● **WORK INSTRUCTION**: Give exactly the lines from the one with "General description This" through the final line of the listing below, both included, leaving out any pictures.

● **SOURCE RECORDS**:
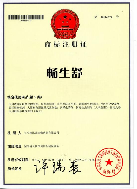 暢生舒商標(biāo)注冊證
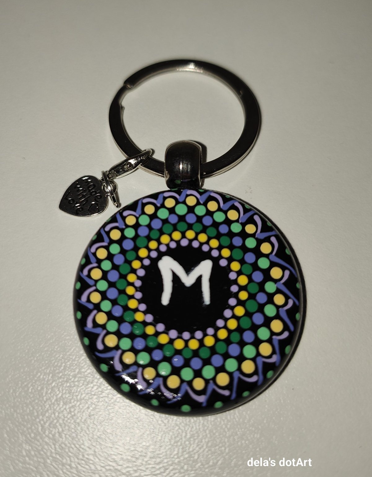 Ein handgefertigter Schlüsselanhänger mit individuellem Buchstaben in der Mitte
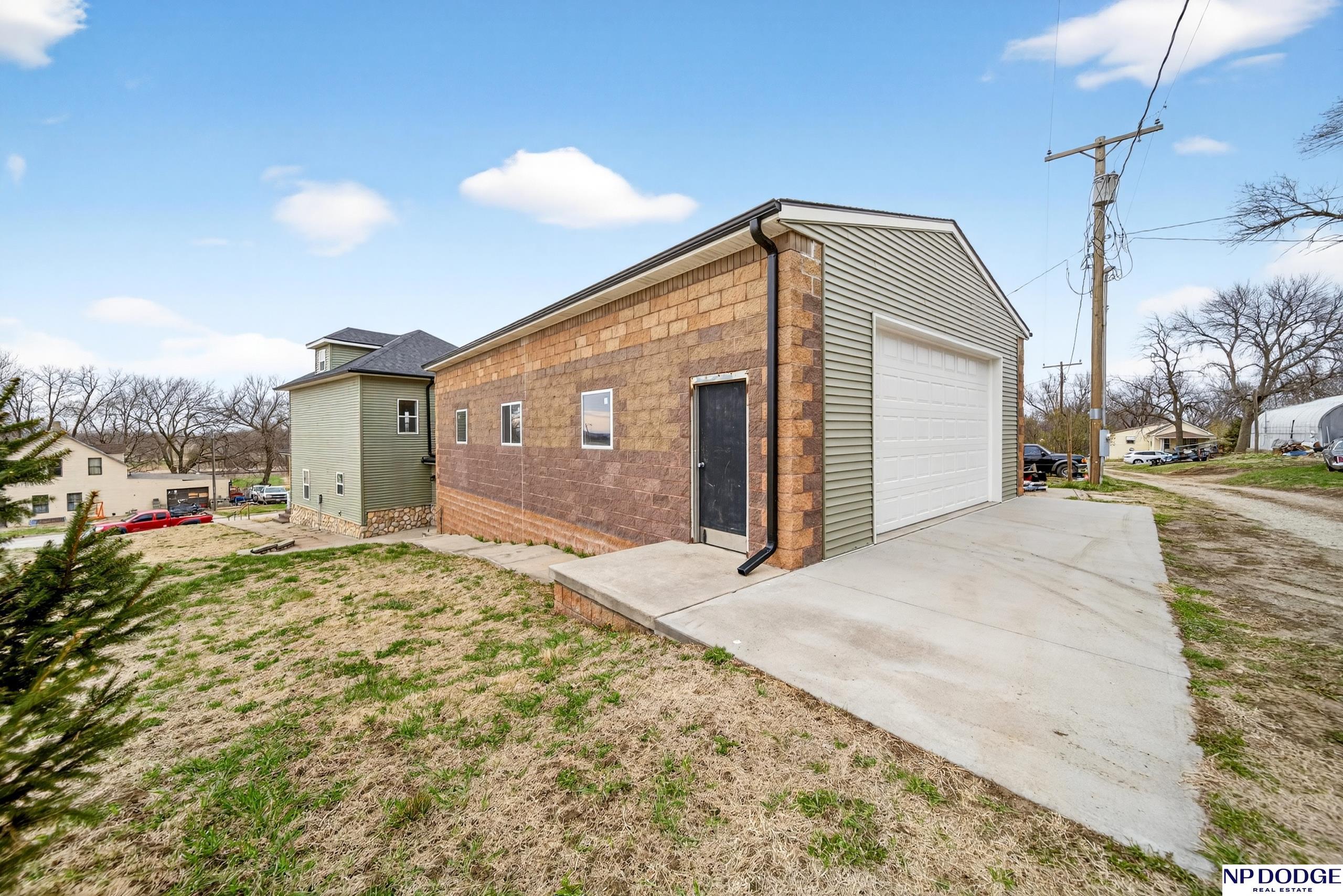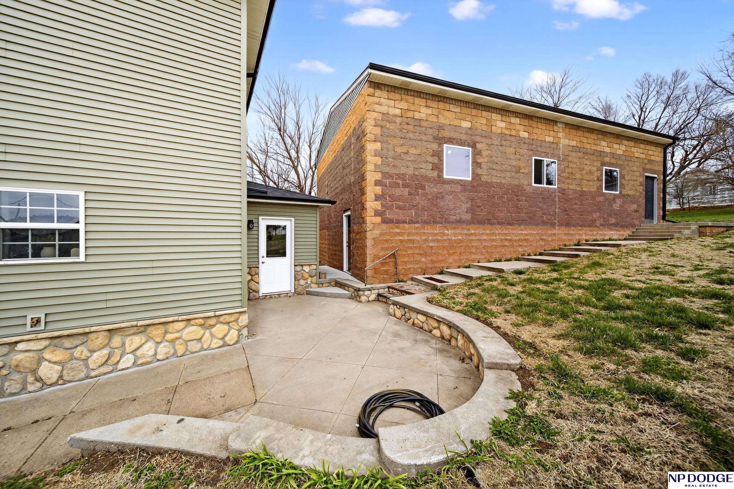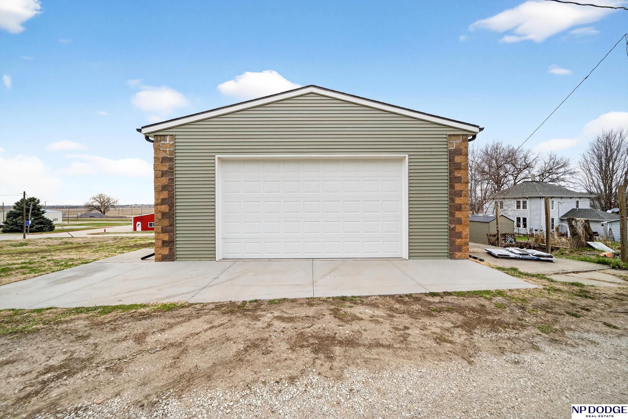 Perched atop a hill near downtown Uehling, this fully remodeled 1907 2-story with beautiful with modern updates. Taken down to the studs, the home features new plumbing, insulation, drywall, and main floor electrical. The main level offers brand new LVP flooring, updated trim, a completely new kitchen with space for an island, main floor laundry, and a flexible dining/office area. The main floor bath includes a one-piece shower unit. Upstairs you’ll find spacious bedrooms, new carpet, and a large full bath. Exterior improvements include vinyl siding with brick veneer, newer house wrap/insulation & vinyl windows plus a newer roof, gutters and fascia. Enjoy the front porch and poured patio, plus a massive detached block garage with concrete floor, electrical access, and alley entry. Move-in ready with major updates already done.
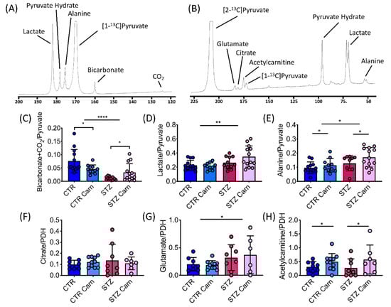 Carnitine can modulate in vivo cardiac metabolism. In vivo effects on cardiac metabolism by infusion of hyperpolarized [1-13C]pyruvate and [2-13C]pyruvate. (A) Example [1-13C]pyruvate spectrum acquired from the in vivo rat heart. (B) Example [2-13C]pyruvate spectrum acquired from the in vivo rat heart. (C) Bicarbonate + CO2/pyruvate ratio, as a measure of pyruvate dehydrogenase (PDH) flux. (D) Lactate/pyruvate ratio. (E) Alanine/pyruvate ratio. (F) Citrate/pyruvate ratio normalized to PDH flux. (G) Glutamate/pyruvate ratio normalized to PDH-flux. (H) Acetylcarnitine/pyruvate ratio normalized to PDH-flux. Data are presented as mean ± SD. Two-way ANOVA, if an interaction was found to be significant, the effect of L-carnitine on control and diabetes was evaluated using Sidak’s multiple comparison test. Significant differences are represented by ‘*’, with * p < 0.05, ** p < 0.01, **** p < 0.0001.
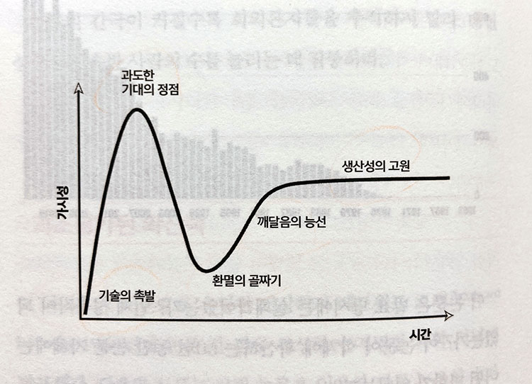 로저스의 곡선은 새로운 아이디어나 기술, 제품이 사회에 어떻게 퍼져나가는지 설명하는 이론입니다. 이와 관련해서 재키 펜은 '가트너 하이프 사이클'이라는 것을 개발했습니다. 이 모델은 아이디어가 문화에 어떻게 확산하는지 보여주는 그래프입니다.
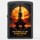 This dark, high-contrast, and dramatically framed design is a commanding tribute to the Petroleum Engineer or Offshore Rig Operator whose workplace is the powerful, open ocean, drilling deep into the earth's core. The central image features a colossal oil or gas platform silhouetted directly in front of a massive, vibrant orange and red setting sun or rising moon. The fiery orb and dramatic clouds provide an intense backdrop for the dark, towering structure. The entire scene is framed by a heavy, ornate, dark metallic border with rich, black sculptural detailing, creating a sense of drama and structural strength. This visual powerfully symbolizes the raw, deep-seated energy being extracted, the isolation and magnitude of the offshore operation, and the professional skill required to command this vital infrastructure against the backdrop of natural power. The bold, golden text "PETROLEUM ENGINEER" is clearly displayed in a prominent banner, honoring the dedication required to manage this high-stakes maritime industry.
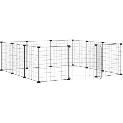 General description This trusty pet cage provides a spacious and safe enclosed space for your lovely pets to exercise, play, and rest. Made of sturdy powder-coated steel, this durable animal cage ensures years of use with minimal maintenance. The design features multiple panels, allowing you to assemble it into any shape and size you desire, providing plenty of room for your pets to play and rest safely within the boundaries. Additionally, the cage includes a practical door for easy access and care of your pets. Technical specifications Colour: Black Material: Powder-coated steel Panel size (each): 35 x 35 cm (L x H) Grid height (each): 4.3 cm Delivery contains: 12 x Panel 24 x Connector 12 x Floor protector 40 x Tie rib 2 x Door clip Installation Each product comes with an assembly manual in the box for easy assembly. Other information
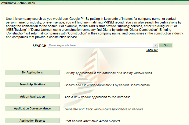 For example, "All Applicants" will give you a list of all EEO/AAP applicants. That is, all of the vendors that are submitting EEO forms. "My Applicants" has all of the book-marked applicants. "Add an Application" allows you to add a new applicant. "Search Applications" provides a Simple and Advanced Search of Applicants. "Application Correspondence" allows you to correspond with applicants via the PRISM Correspondence Center. "Applicant Reports" has all of the reports from the PRISM Ray Report Center.
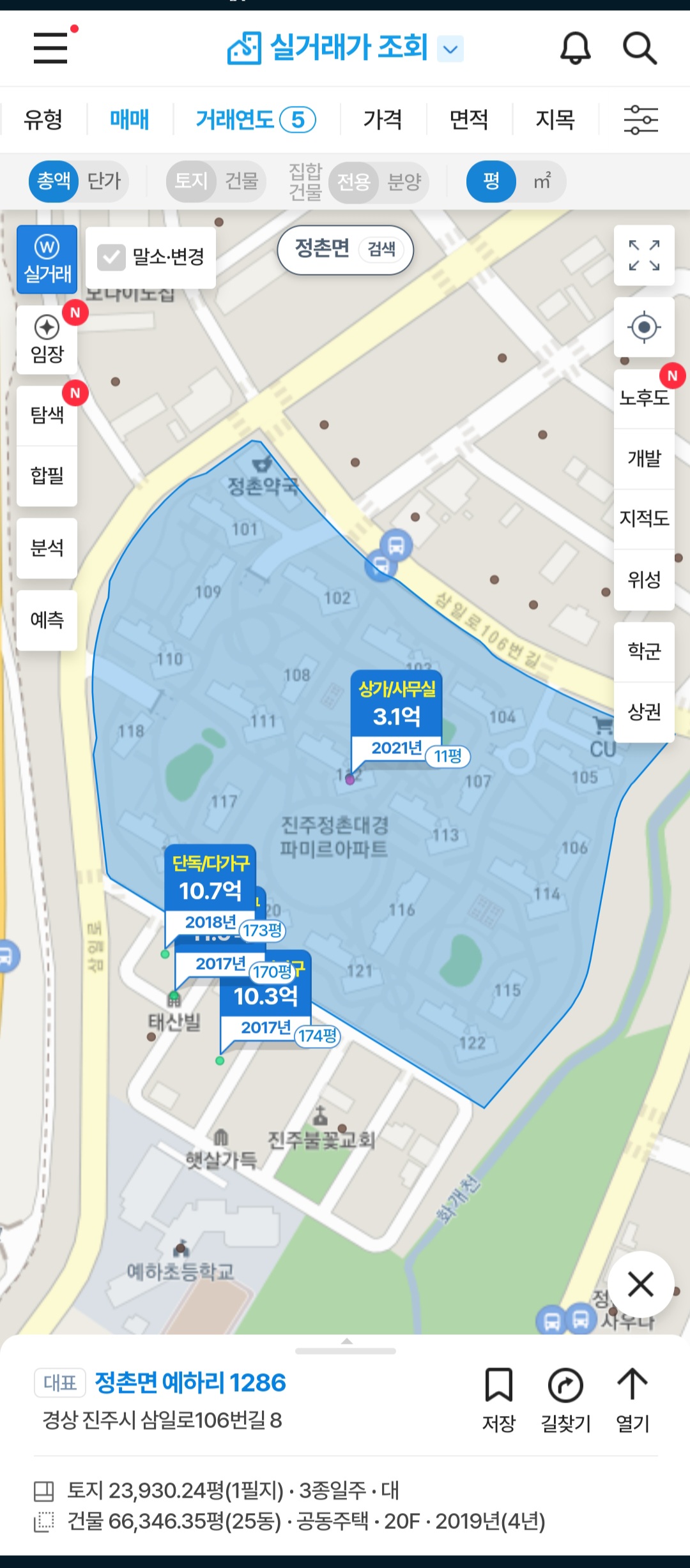 단지의 대지면적은 부동산플래닛 같은 앱에서 단지를 검색해보면 된다.
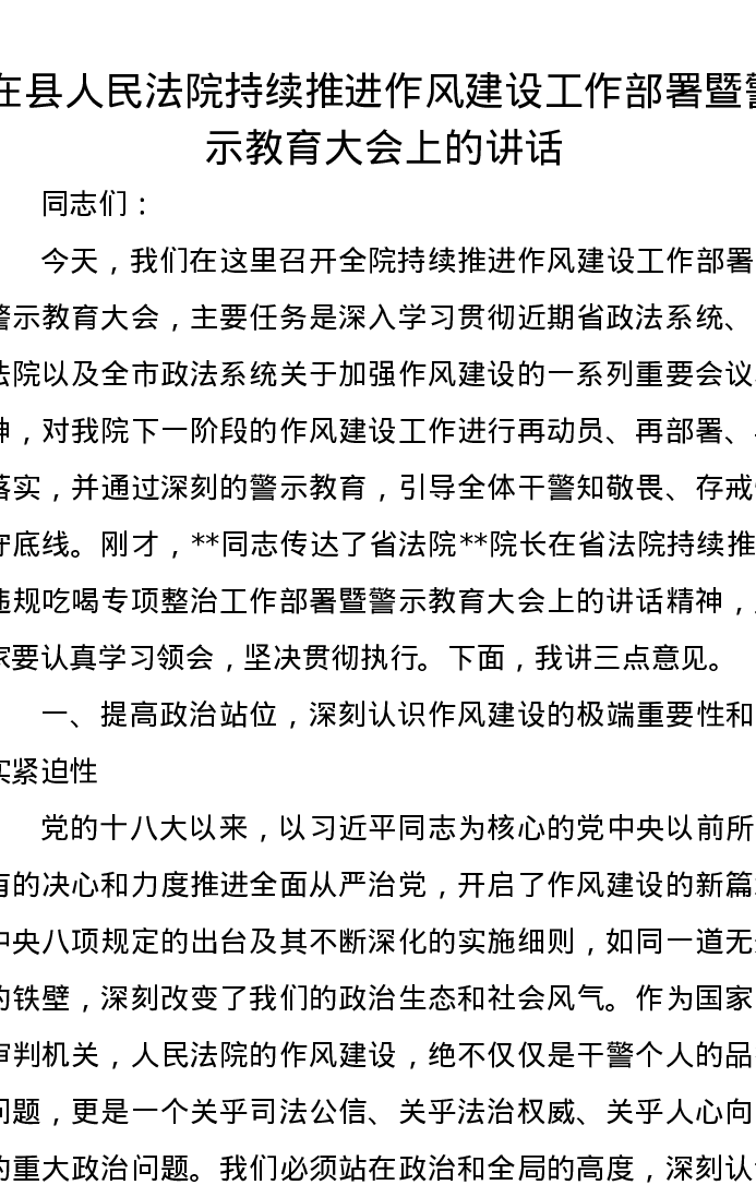 在县人民法院持续推进作风建设工作部署暨警示教育大会上的讲话
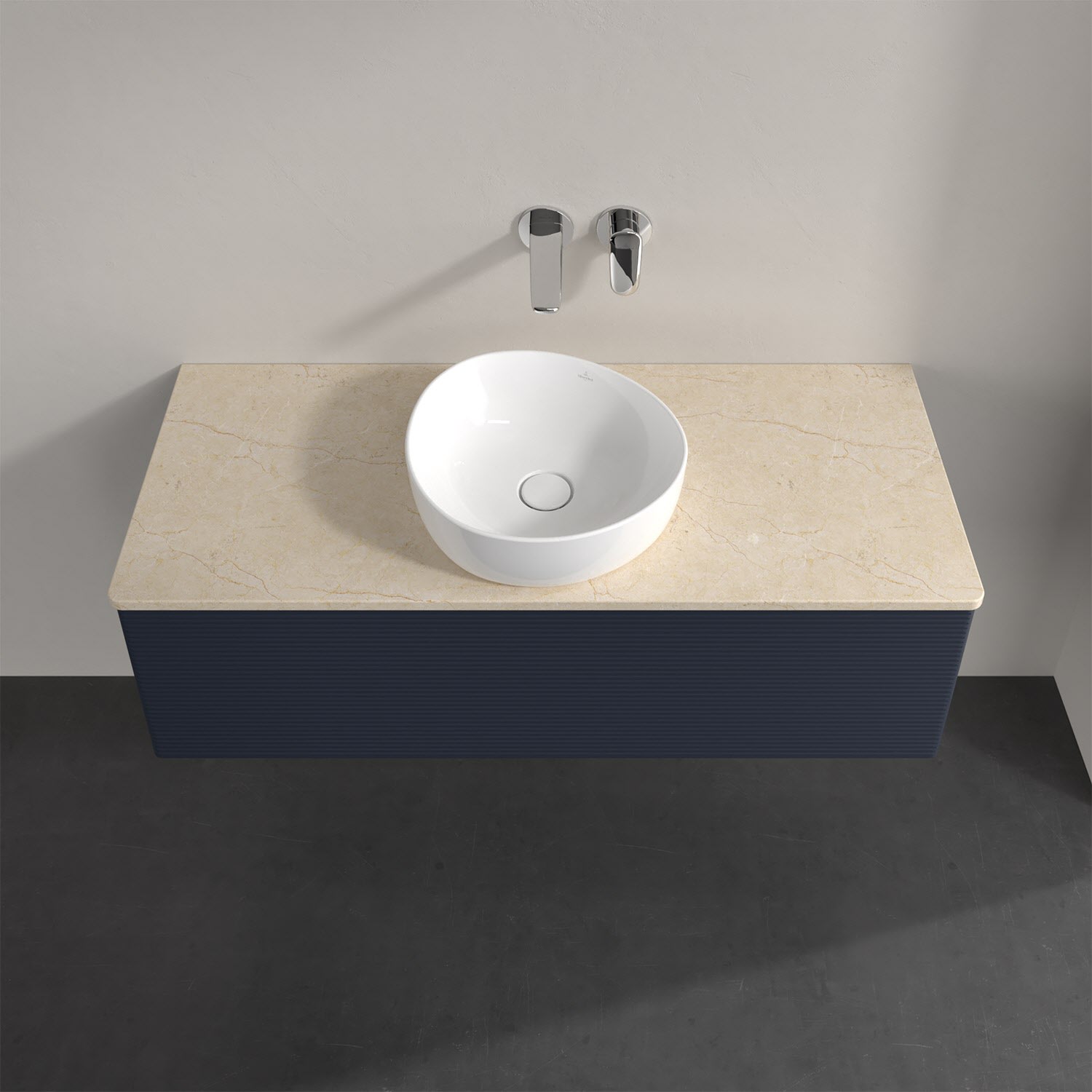 Für diesen Waschbeckenunterschrank stehen Ihnen Aufsatzwaschtische aus verschiedenen Serien zur Verfügung (siehe "Passliste" unter Downloads). Ein ausgewähltes Beispiel finden Sie im Zubehör. Den Waschtisch bitte separat mitbestellen.

● **RESULT FOR THIS EXERCISE**:
 General description This trusty pet cage provides a spacious and safe enclosed space for your lovely pets to exercise, play, and rest. Made of sturdy powder-coated steel, this durable animal cage ensures years of use with minimal maintenance. The design features multiple panels, allowing you to assemble it into any shape and size you desire, providing plenty of room for your pets to play and rest safely within the boundaries. Additionally, the cage includes a practical door for easy access and care of your pets. Technical specifications Colour: Black Material: Powder-coated steel Panel size (each): 35 x 35 cm (L x H) Grid height (each): 4.3 cm Delivery contains: 12 x Panel 24 x Connector 12 x Floor protector 40 x Tie rib 2 x Door clip Installation Each product comes with an assembly manual in the box for easy assembly. Other information
 For example, "All Applicants" will give you a list of all EEO/AAP applicants. That is, all of the vendors that are submitting EEO forms. "My Applicants" has all of the book-marked applicants. "Add an Application" allows you to add a new applicant. "Search Applications" provides a Simple and Advanced Search of Applicants. "Application Correspondence" allows you to correspond with applicants via the PRISM Correspondence Center. "Applicant Reports" has all of the reports from the PRISM Ray Report Center.
 단지의 대지면적은 부동산플래닛 같은 앱에서 단지를 검색해보면 된다.
 在县人民法院持续推进作风建设工作部署暨警示教育大会上的讲话
 Für diesen Waschbeckenunterschrank stehen Ihnen Aufsatzwaschtische aus verschiedenen Serien zur Verfügung (siehe "Passliste" unter Downloads). Ein ausgewähltes Beispiel finden Sie im Zubehör. Den Waschtisch bitte separat mitbestellen.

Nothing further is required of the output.